▶ [What needs to be done]: Print, please, exactly the lines from the one with "שמלת כלה קלאסית" through the final line of the data below, with both ends included and the pictures left out.

▶ [Supplied data]:
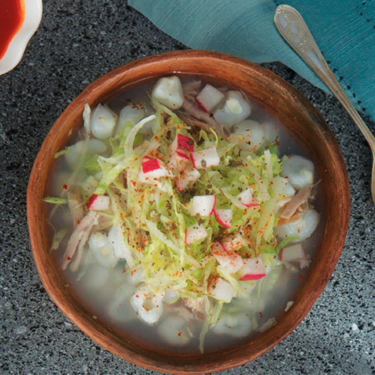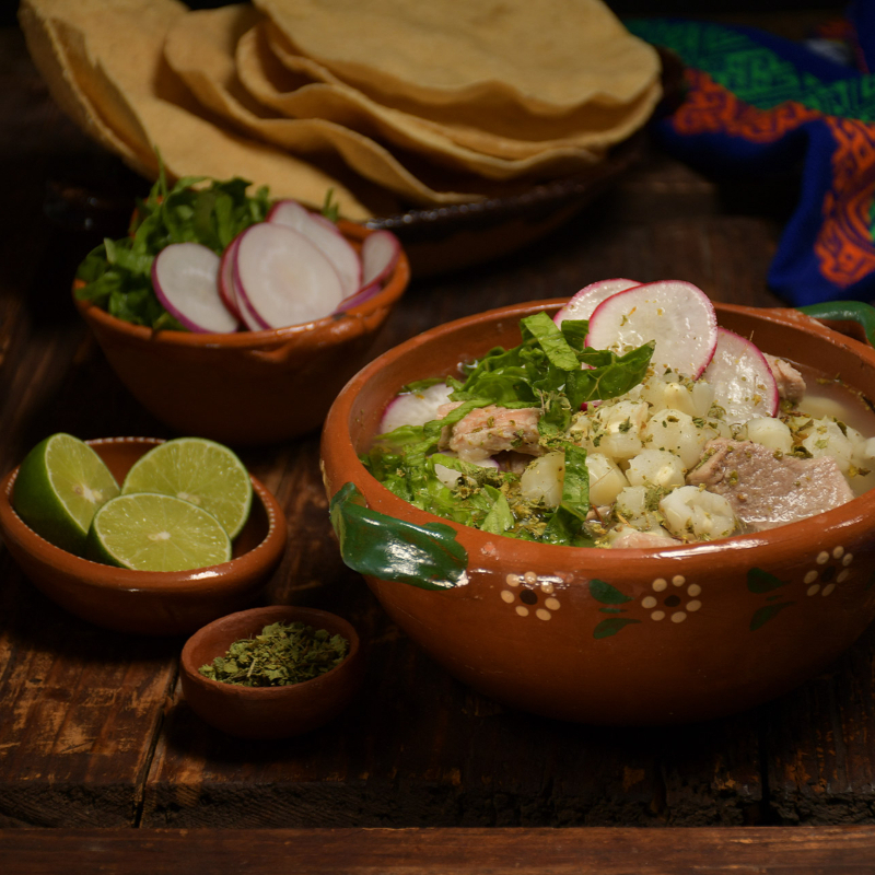 1/2 LITRO DE POZOLE BLANCO, CON CARNE A ELEGIR ACOMPAÑADO DE TOSTADAS, RABANOS, CEBOLLA, LIMON, LECHUGA Y CHILE EN POLVO
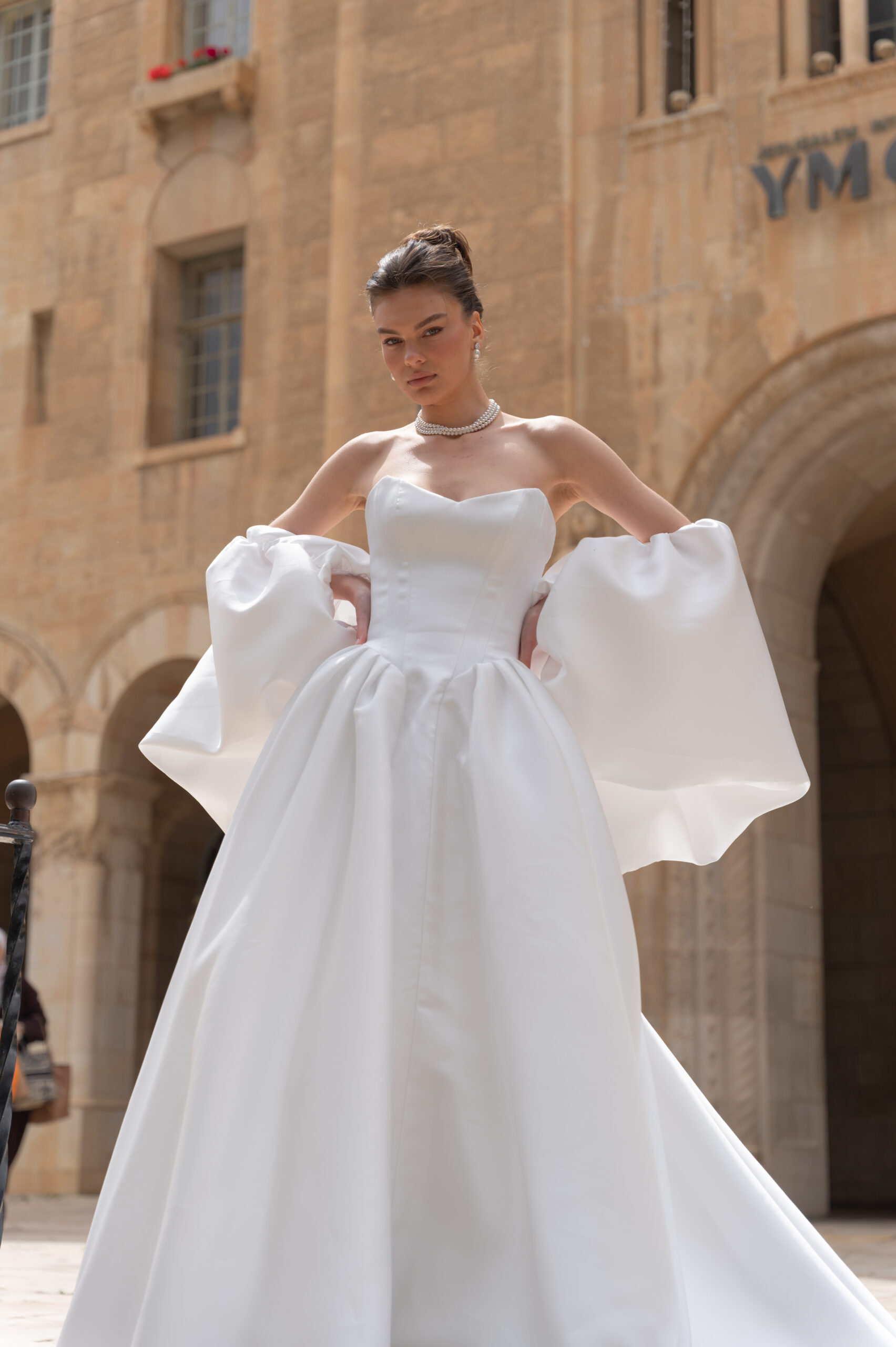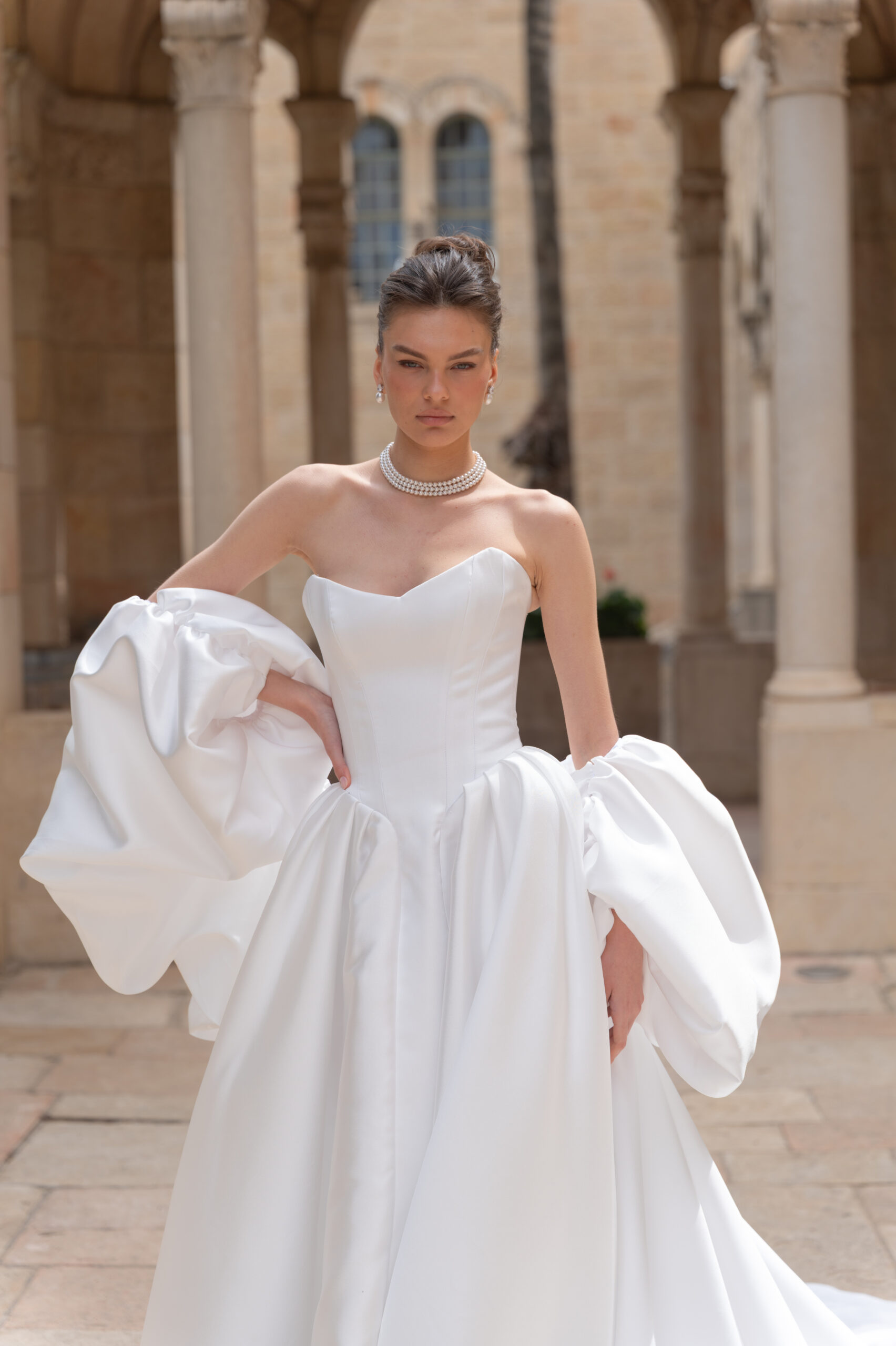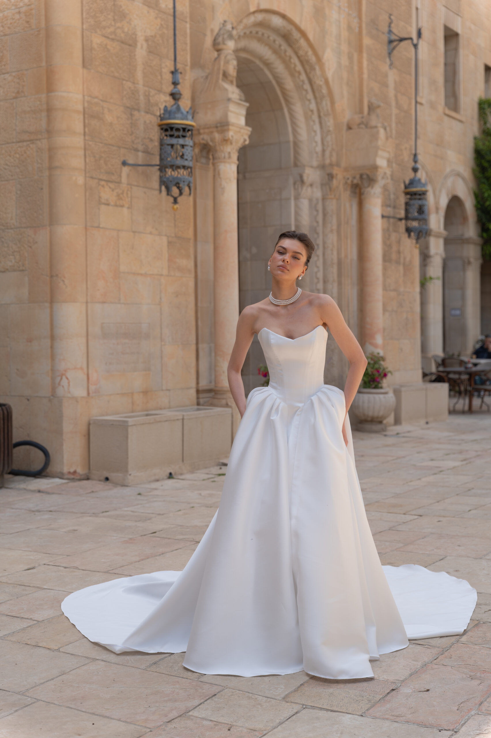 שמלת כלה קלאסית ויוקרתית עשויה מבד בעל ברק עדין, המשלבת מחוך חלק בגזרת סטרפלס חתולי ובעל מראה אצילי, עם חצאית נפוחה ומלאת נוכחות המעניקה מראה נסיכותי וקלאסי. ניתן להוסיף את השאל הנפוח והיוקרתי למראה יותר דרמטי.
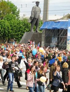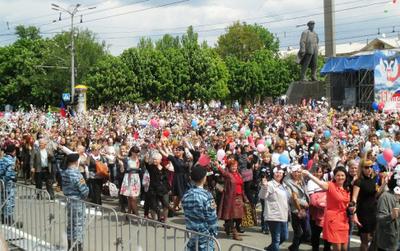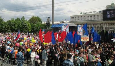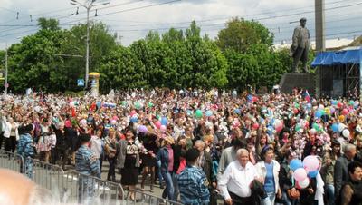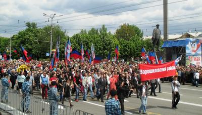 11 мая – настоящий праздник для нас всех. Мы увидели в Донецке грандиозное мирное шествие, в котором приняли участие свыше пятидесяти тысяч человек из всех городов и районов Донецкой Народной Республики. Они несли транспаранты, флаги, цветы, воздушные шары. Студенты торжественно развернули на площади огромный флаг Донецкой Народной Республики.
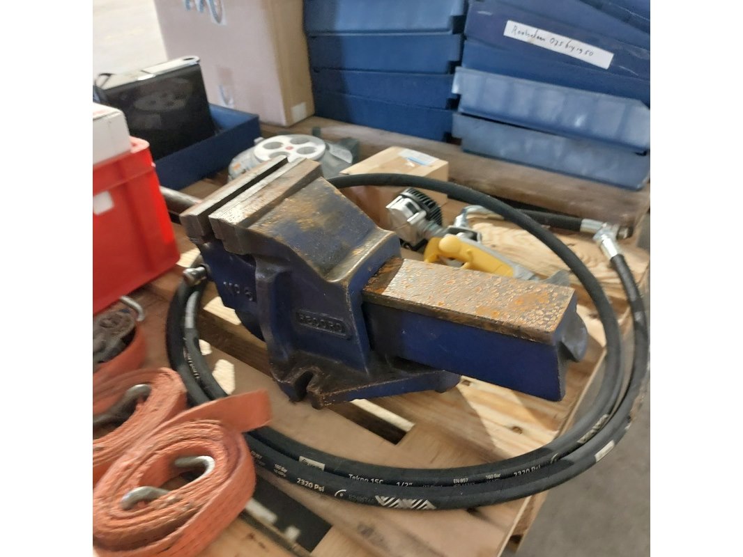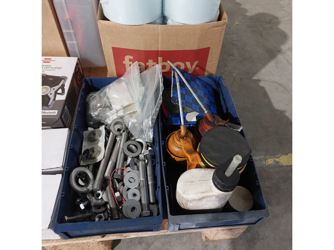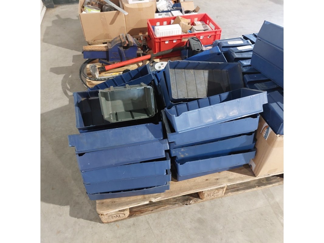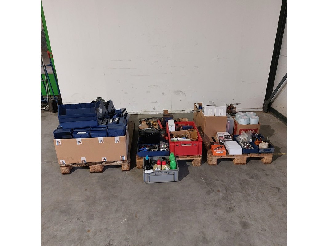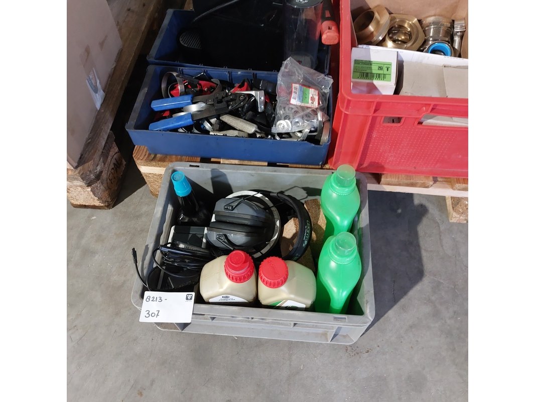 Product: Partij diversen Conditie: Gebruikt Specificaties: Bestaande uit o.a.: Diverse magazijn bakken, bankschroef, moker, divers handgereedschap, koffiezetapparaat, diverse vloeistoffen, divers ijzerwaar, batterij lader Black+Decker, mobiele Led-accu-werklamp, installatiemateriaal, etc.

▶ [Solution to this exercise]:
 שמלת כלה קלאסית ויוקרתית עשויה מבד בעל ברק עדין, המשלבת מחוך חלק בגזרת סטרפלס חתולי ובעל מראה אצילי, עם חצאית נפוחה ומלאת נוכחות המעניקה מראה נסיכותי וקלאסי. ניתן להוסיף את השאל הנפוח והיוקרתי למראה יותר דרמטי.
 11 мая – настоящий праздник для нас всех. Мы увидели в Донецке грандиозное мирное шествие, в котором приняли участие свыше пятидесяти тысяч человек из всех городов и районов Донецкой Народной Республики. Они несли транспаранты, флаги, цветы, воздушные шары. Студенты торжественно развернули на площади огромный флаг Донецкой Народной Республики.
 Product: Partij diversen Conditie: Gebruikt Specificaties: Bestaande uit o.a.: Diverse magazijn bakken, bankschroef, moker, divers handgereedschap, koffiezetapparaat, diverse vloeistoffen, divers ijzerwaar, batterij lader Black+Decker, mobiele Led-accu-werklamp, installatiemateriaal, etc.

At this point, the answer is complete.